Episodio 393: ¿Y si involucrar a más personas te hace perder la venta?

En una venta compleja sumas a tu preventa, a tu dirección y a tu equipo técnico, y cada uno te ayuda a cerrar. La excepción es el descubrimiento: esa reunión rinde más cuando la llevas tú solo.

En una venta B2B compleja necesitas a tu equipo: tu preventa aporta solvencia técnica, tu dirección da caché, y cada perfil suma en su momento. La reunión de descubrimiento es la excepción. Esa la llevas tú, y la llevas solo.

No es una cuestión de jerarquía, sino de para qué sirve esa reunión. El descubrimiento existe para que el cliente te cuente qué necesita, y eso se consigue escuchando y preguntando. Cuantas más personas lleves de tu lado, menos te cuenta. Por eso involucrar al equipo no te hace perder ventas; lo que te las hace perder es involucrarlo antes de tiempo, y el sitio donde más se peca de eso es la primera reunión.

Por qué el descubrimiento lo haces tú solo

Porque es la reunión en la que escuchas y preguntas para entender al cliente, y eres tú quien tiene que dirigir esa conversación.

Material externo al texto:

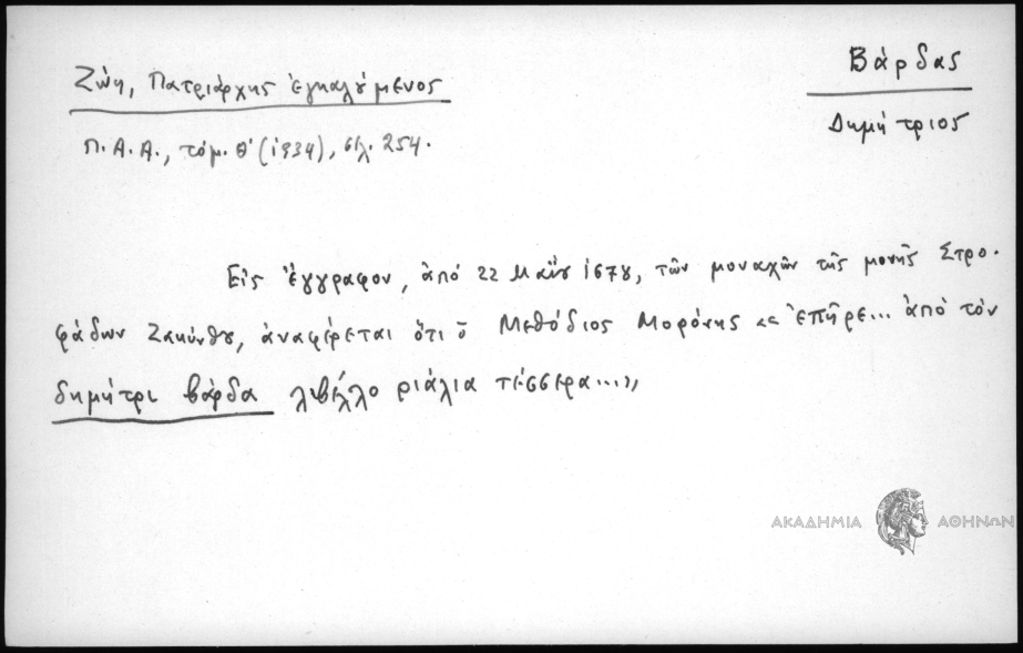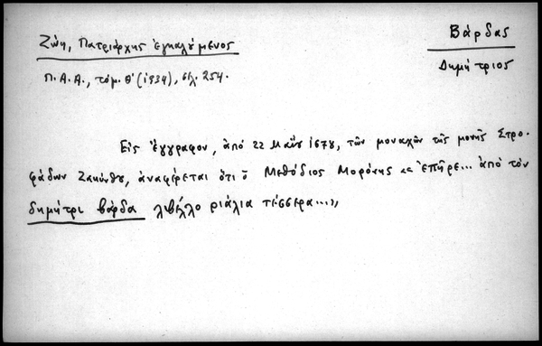- Εις έγγραφον, από 22 Μαΐου 1678, των μοναχών της μονής Στροφάδων Ζακύνθου, αναφέρεται ότι ο Μεθόδιος Μορόνης "επήρε... από τον δημήτρι βάρδα λιβέλλο ριάλια τέσσερα..."

En el descubrimiento averiguas qué problema tiene el cliente y cómo de grande es. Todo lo que viene después —la propuesta, la demostración técnica, el cierre— se construye sobre lo que saques de ahí, así que una primera conversación floja deja todo lo demás mal encaminado. Cuando entras con dos o tres personas de tu lado, esa conversación se resiente: cada una tiende a contar lo suyo, dejas de ser tú quien lleva el hilo, y al cliente le cuesta hablar con franqueza de lo que le preocupa delante de varios desconocidos. La reunión pasa de ser una conversación a ser una presentación, y una presentación no descubre nada. Con más gente de tu parte en la sala, se escucha menos y se entiende peor.

Hay además un problema de fondo cuando te adelantas: en el descubrimiento todavía no sabes qué necesita el cliente, así que tampoco sabes a quién deberías llevar. Llevar a tu dirección a una primera toma de contacto no encaja, y llevar a un técnico te obliga a elegir un área antes de saber por dónde va a ir la conversación. Si aciertas con el perfil, bien; si el cliente tira por otro lado, esa persona sobra o arrastra la conversación hacia lo que ella domina, no hacia lo que el cliente necesita. Yendo solo te ahorras esa apuesta: escuchas primero y, con lo que descubres, decides a quién incorporar y cuándo.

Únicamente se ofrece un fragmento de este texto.